L’approccio ironico, sarcastico, quasi revisionista alla figura del supereroe, potrebbe ricordare titoli come Super di James Gunn (2010) per la natura vagamente indie, ma anche i due film su Kick-Ass, visto che anche qui il protagonista è solo una maniaco di fumetti, senza poteri, ma con parecchia motivazione.

Defendor, però, va in un’altra direzione, preferisce le scale di grigio ai colori scintillanti, non c’è gloria dopo la vittoria, ma una certa predilezione per la goffaggine, l’idea è anche quella di essere sarcastici, un lavoro revisionista sulla figura del supereroe in chiave ironica, il film ammicca poco alle classiche scene super eroistiche, per capirci quella che si trovano in abbondanza in più che darle, Defendor le prende, però non molla, sì, perché il film punta ad altro.

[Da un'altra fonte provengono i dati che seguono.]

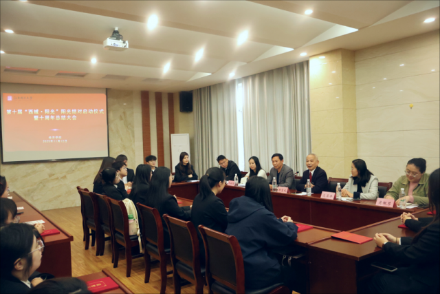 11月12日下午,成人直播 举行西域·阳光”铸魂赋能育人工程总结大会,同时启动新一期阳光结对工作。学院党委书记邹春发、副书记远翠平、团委书记万婧怡、学工办主任吴佩芹、辅导员钟义鹏、全体结对同学及各民族代表80余人参与。学院关心下一代工作委员会主任谢望礼教授应邀出席活动。

Certo si ride, perché Defendor fa il verso a Batman e ai suoi gadget hi-tech, basta fare il confronto tra la Bat-mobile e il camion giallo con cui va in giro Defendor, la mitica Defendog!
La differenza più grossa tra questo film e tutti gli altri visti in giro che ambiscono a parlarci di un supereroe reale (quindi senza super poteri)? Peter Stebbings ha avuto tre o quattro chili di palle più dei vari Matthew Vaughn, Mark Millar e compagnia cantante, mandando a segno un finale (che non vi rivelerò, a vedere il film, fila!) che quando vedrete, non potrete che fare sì con la testa, perché se nel mondo dove vivete voi ed io, qualcuno decidesse di andare là fuori con un casco, un nome sgargiante e una mazza trench-club, non potrebbe che essere un volenteroso sociopatico senza nulla da perdere come Arthur Poppington.
A ben guardarlo, Defendor ha più cose in comune con Taxi Driver (sì avete letto bene!), perchè Arthur Poppington è un Travis Bickle che, invece di farsi una cresta in testa, si mette una ”D” sul petto e va a prendere i cattivi con le cattive.

Entrambi sono dei disadattati emarginati dalla società, entrambi hanno una giovane prostituta che anima le loro azioni, verranno idolatrati tutti e due dalla gente per le loro azioni, malgrado le loro condizioni mentali.
La differenza è che Bickle è pieno di risentimento verso tutti, invece Arthur Poppington con quel suo essere “Oltre il giardino” è un buono, anzi un buonissimo, quasi geniale nella sua capacità di arrangiarsi, che ha trovato nel linguaggio dei fumetti di supereroi un modo per affrontare i traumi della sua vita. Ogni momento chiave della sua vita è ricalcato su quello della classica vita di qualunque dei vostri eroi dei fumetti preferiti, trauma infantile? Presente! La parlata da supereroe con frasi altisonanti (“Chi ti scrive i dialoghi… Superman?”)? Check! Ha anche un super cattivo da catturare, il signore della droga Captain Industry. Non avendo altre risposte dalla vita, Arthur ha trovato la chiave per decriptare la vita, nel linguaggio dei fumetti di supereroi.
La regia di Peter Stebbings è buona, alterna le scene con la psicologa (una valida Sandra Oh, più nota come “quella di Grey’s Anatomy”) ai Flashback sulla vita del personaggio. Un buon montaggio e una pregevole fotografia, che rende bene i toni scuri e cupi del mondo in cui vive Defendor.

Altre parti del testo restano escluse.